Wed May 21 12:15:19 EST 2003

On Wed, May 21, 2003 at 12:02:14PM +1000, Nemo -earth native- wrote:
> On Wed, May 21, 2003 at 11:40:10AM +1000, Rob Shugg did utter:
> > How does it cope with the spam we have been getting through clug, I am 
> > concerned that if i mark this stuff it will treat all clug messages as spam?
> 
> I'm currently on spamassassin with it's own bayesiain system turned on,
> and it's successfully caught every spam sent to the clug list (and some
> other lists I'm on), without generative any false positives. 
> 
> Personally, I'd be interested to see a comparison of the relative
> effectiveness of bogofilter, spambayes, spamassassin, etc... for
> example, train each system on the same block of spam and ham, and then
> test each on a new block of email known to contain both ham and spam... 
> 
> Say, 3 months of email logged for the training, and then the next three
> months of email as the testing... with a collection of email, such a
> test could be accomplished relatively easily I imagine... sounds like it
> could make a good clug meet talk/demo/something... if an appriate
> pseudo-delivery system could be setup, some rbl lists and other spam
> filter methods could be similarly tested.
> (http://pserver.samba.org/cgi-bin/cvsweb/junkcode/spamsum/ for example)

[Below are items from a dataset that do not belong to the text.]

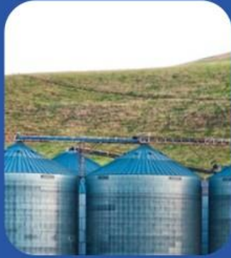
NO.1 Container level monitoring

Ultrasonic sensors are suitable for precise industries such as container level monitoring, silos, and self-fire water tanks, and can also accurately detect objects in the face of harsh environments and complex work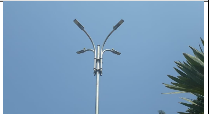
Figure 16: Campus Muzambinho new LED lamps.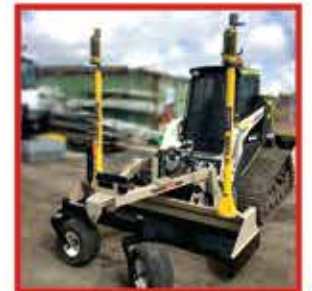
Large Terex PT80 with 3D automated laser grading system (2.2m wide) accuracy 2 to 5ml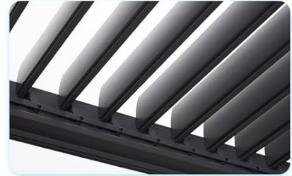
Aluminum Alloy Roof Panel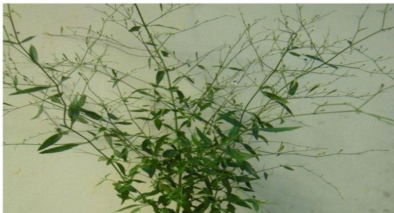
Fig 1: Aerial parts of Andrographis paniculata plant

Correspondence Aiyalu Rajasekaran KMCH College of Pharmacy Kovai Estate, Kalapatti Road, Coimbatore – 641048, Tamilnadu, India.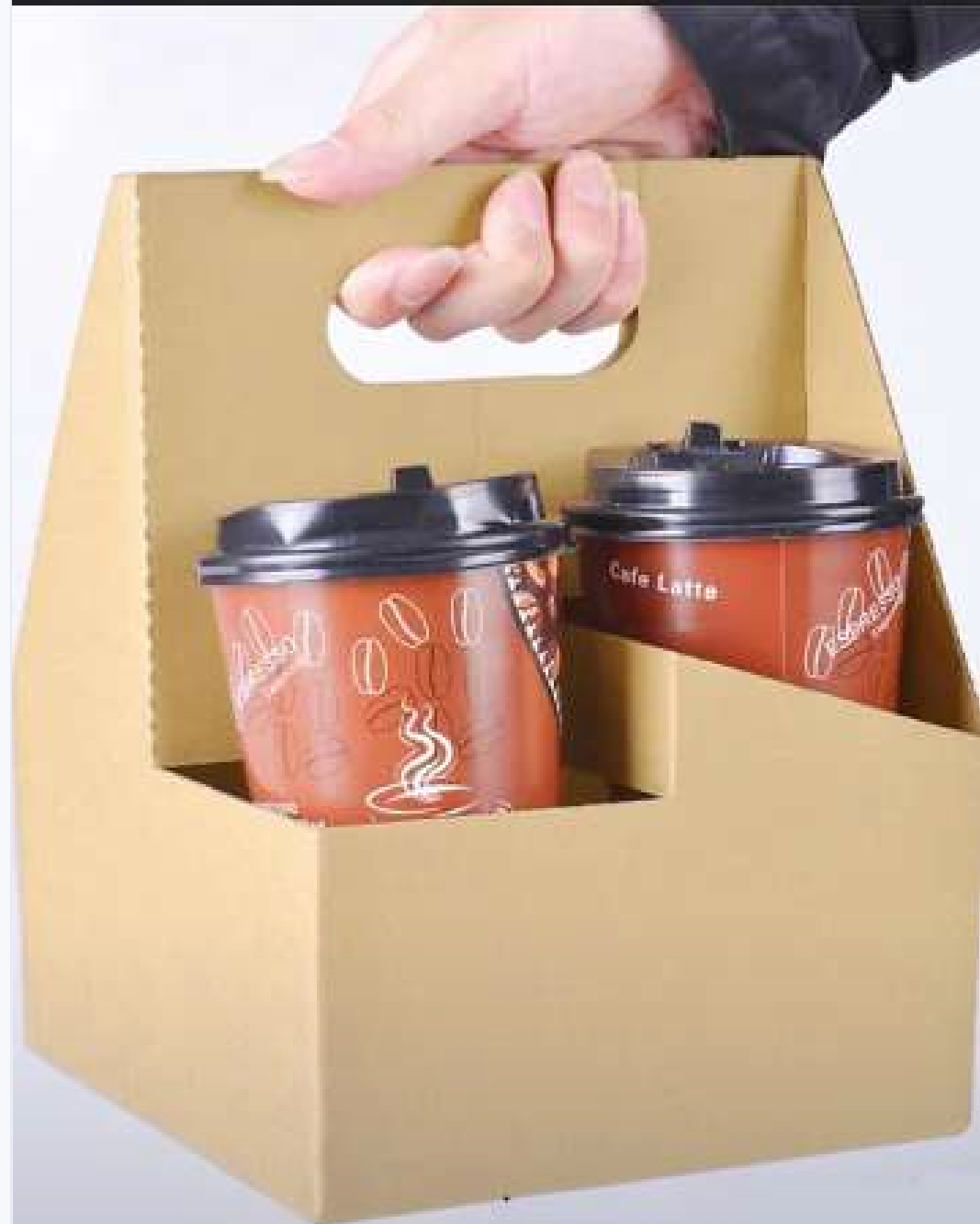
CUP CARRIERS / HOLDERS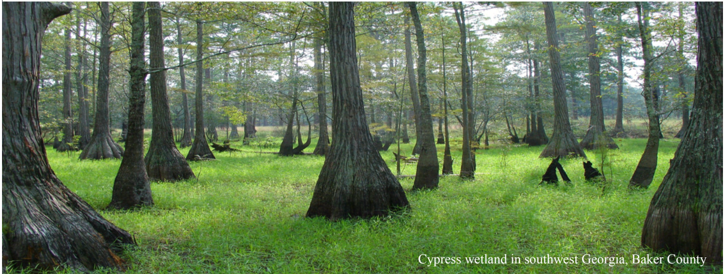
Cypress wetland in southwest Georgia, Baker County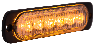
HD37601A 6 LED

I've actually been thinking about doing something like this for a
while.  I already have the training and testing sets:  a complete
archive of mail for nearly three years, with hand sorted spam for all
that time as well.

Now, in my copious free time...

-- 
David Gibson			| For every complex problem there is a
david at gibson.dropbear.id.au	| solution which is simple, neat and
				| wrong.
http://www.ozlabs.org/people/dgibson